A contrived, trivial project layout:

$ mkdir fooproject/
$ cd fooproject/

$ mkdir foo/
$ printf "" > foo/__init__.py
$ mkdir foo/bar/
$ printf "" > foo/bar/__init__.py

Here's a simple fooproject/setup.py for that project:

from __future__ import unicode_literals

main_module_name = 'foo'
main_module = __import__(main_module_name, fromlist=['bar'])

assert main_module.bar

That fails under Python 2, but runs fine under Python 3:

$ python2 ./setup.py
Traceback (most recent call last):
  File "./setup.py", line 4, in <module>
    main_module = __import__(main_module_name, fromlist=['bar'])
TypeError: Item in ``from list'' not a string

$ python3 ./setup.py

We've deliberately made unadorned strings Unicode by default. By “not a string”, I presume Python 2 means “not a 'bytes' object”.

Okay, so we'll explicitly set that to a bytes literal:

from __future__ import unicode_literals

main_module_name = 'foo'
main_module = __import__(main_module_name, fromlist=[b'bar'])

assert main_module.bar

Now Python 2 is satisfied, but Python 3 complains:

$ python2 ./setup.py

$ python3 ./setup.py
Traceback (most recent call last):
  File "./setup.py", line 4, in <module>
    main_module = __import__(main_module_name, fromlist=[b'bar'])
  File "<frozen importlib._bootstrap>", line 2281, in
    _handle_fromlist
TypeError: hasattr(): attribute name must be string

So I've deliberately set unadorned strings to be Unicode by default, just as I'm supposed to; but that's apparently breaking the expectations of __import__ between Python 2 and Python 3.

How can I get that __import__ call, complete with its fromlist parameter, working correctly under both Python 2 and Python 3, keeping the unicode_literals setting?

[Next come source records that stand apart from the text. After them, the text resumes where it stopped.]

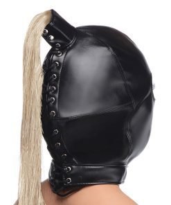 Fulfill your fetish fantasies with this soft leather hood that hides the face while keeping eyes, nose and mouth free! A long blonde wig is attached to the top of the hood for an enchanting effect. This hair can also be used for sensation play the same way you’d use a feather tickler.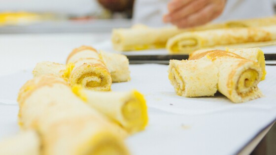 200 г муки смешайте с разрыхлителем и добавьте в массу. Разделите тесто на две части и раскатайте их в полоски.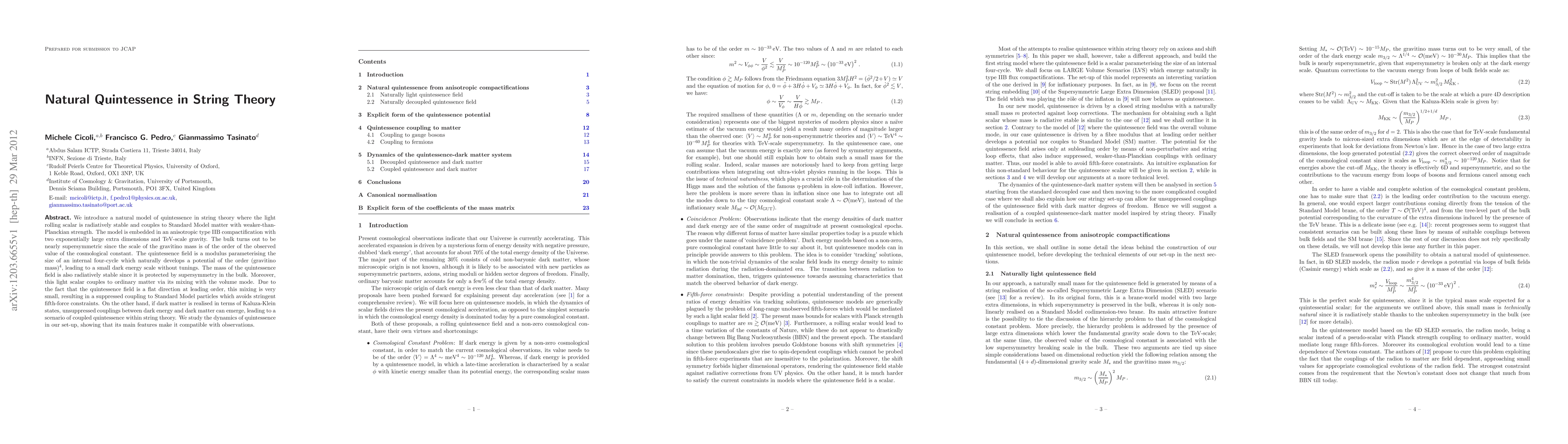 The paper introduces a detailed model of quintessence in string theory, characterized by a radiatively stable, light scalar field with a naturally small dark energy scale, embedded in an anisotropic compactification with TeV-scale gravity.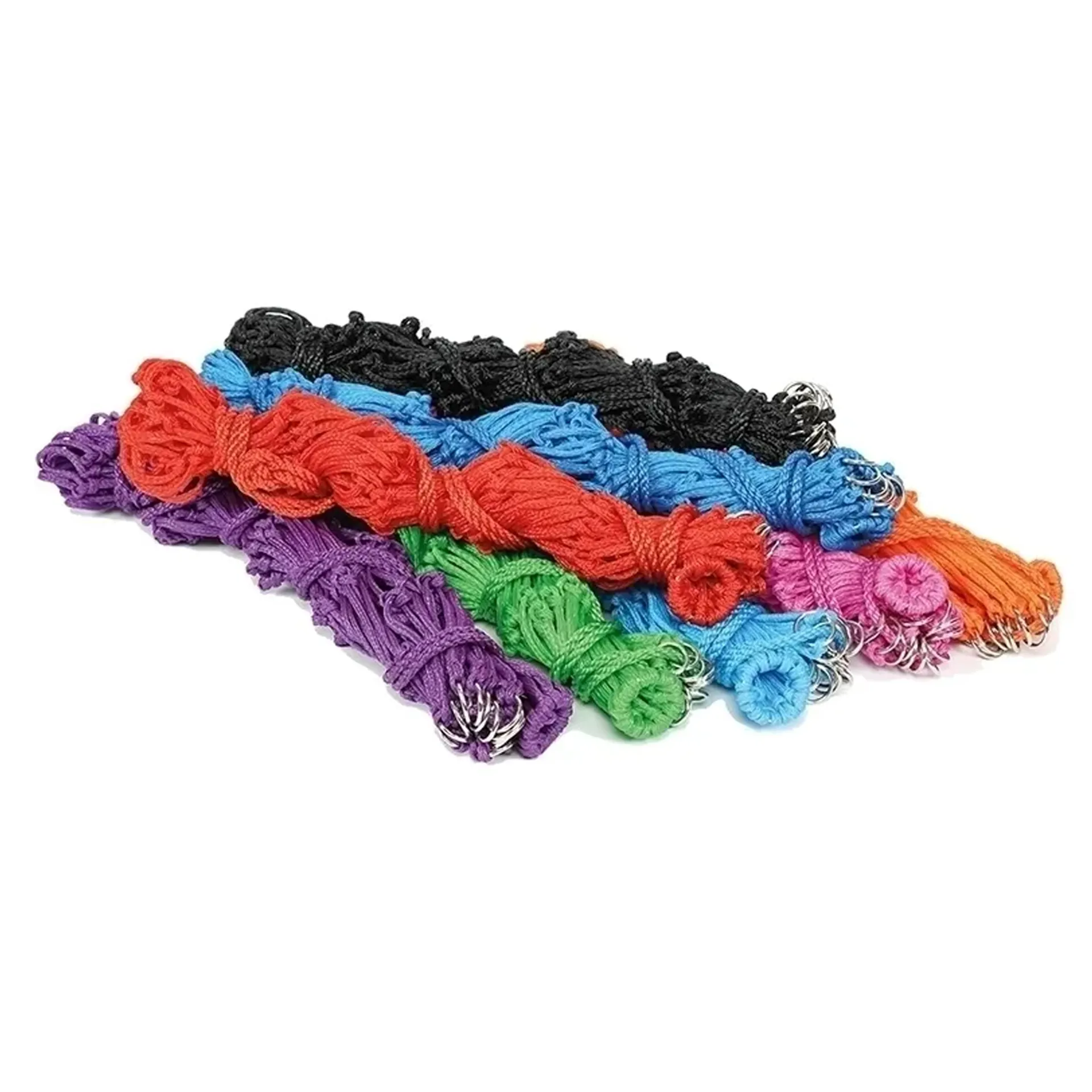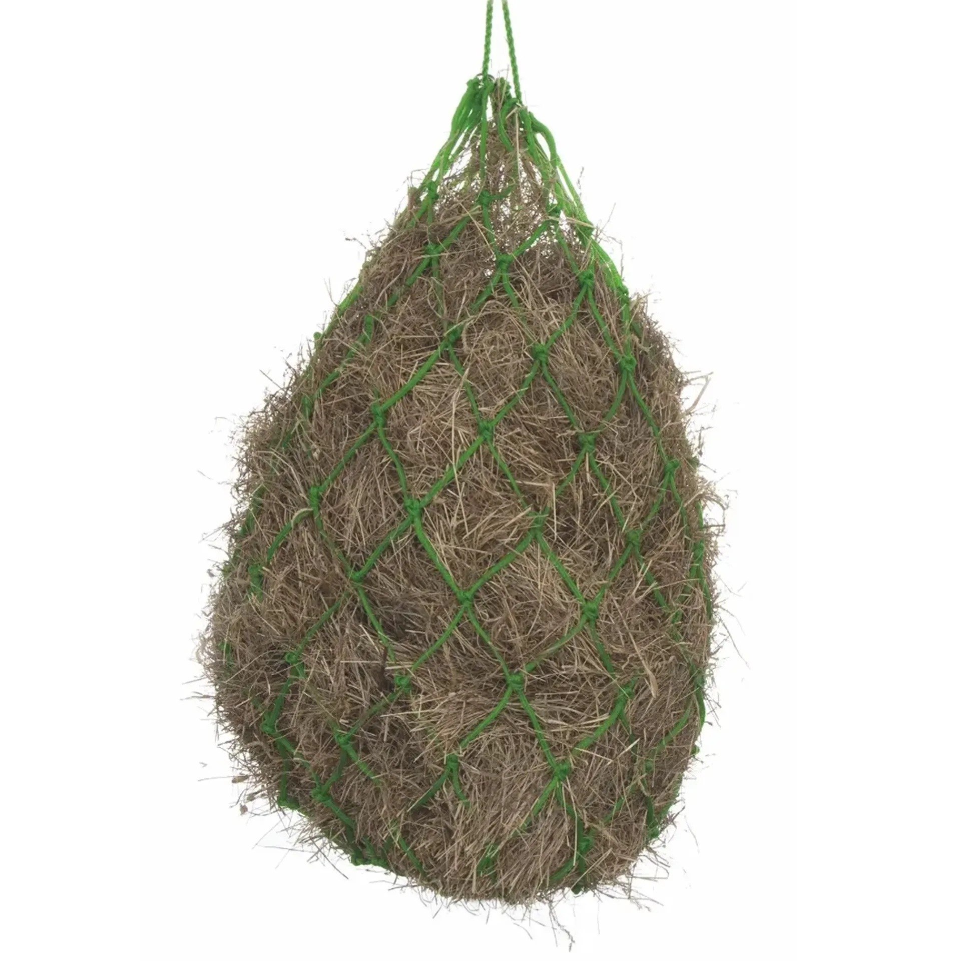 Extra strong nylon haynet with larger holes and metal rings.Mesh size: 10cm (4"). Size: 42" (107cm) long, 6.5kg capacity. Length: 42" (106cm), capacity: 6.5kg. Mesh size can be +/- 0.5cm. Capacities are approximate and given only as a guide to the differences between haynet size.

recall str works differently for python2 and python3 (see @BrenBarn's comment), so:

main_module = __import__(main_module_name, fromlist=[str('bar')])

or more generally

main_module = __import__(main_module_name, fromlist=list(map(str, ['bar'])))

The best I can come up with so far is a wrapper function to convert the type depending on Python version:

from __future__ import unicode_literals

import sys

fromlist_expects_type = str
if sys.version_info < (3, 0):
    fromlist_expects_type = bytes

def import_module(
        name, globals=None, locals=None, fromlist=(), level=0):
    """ Import specified module, together with options used by __import__.

        :param module_name: Text string of the module name to import.
        :param fromlist: List of names of attributes in the module to
            also import.
        :return: The module object.

        The built-in ``__import__`` function accepts a ``fromlist``
        parameter, but expects different string types between Python 2
        and Python 3. Python 2 only allows text string items; Python 3
        only allows byte string items.

        This function's ``fromlist`` parameter must have items of text
        string (Unicode) type only; the items are converted depending
        on the running Python version.

        """
    module_fromlist = ()
    if fromlist:
        module_fromlist = [
                fromlist_expects_type(attr_name) for attr_name in fromlist]
    module = __import__(
            name=name,
            globals=globals,
            locals=locals,
            fromlist=module_fromlist,
            level=level)

    return module

main_module_name = 'foo'
main_module = import_module(main_module_name, fromlist=['bar'])

That's pretty unwieldy, and I've probably made several mistakes. Surely this is a bug in Python that I need to do this?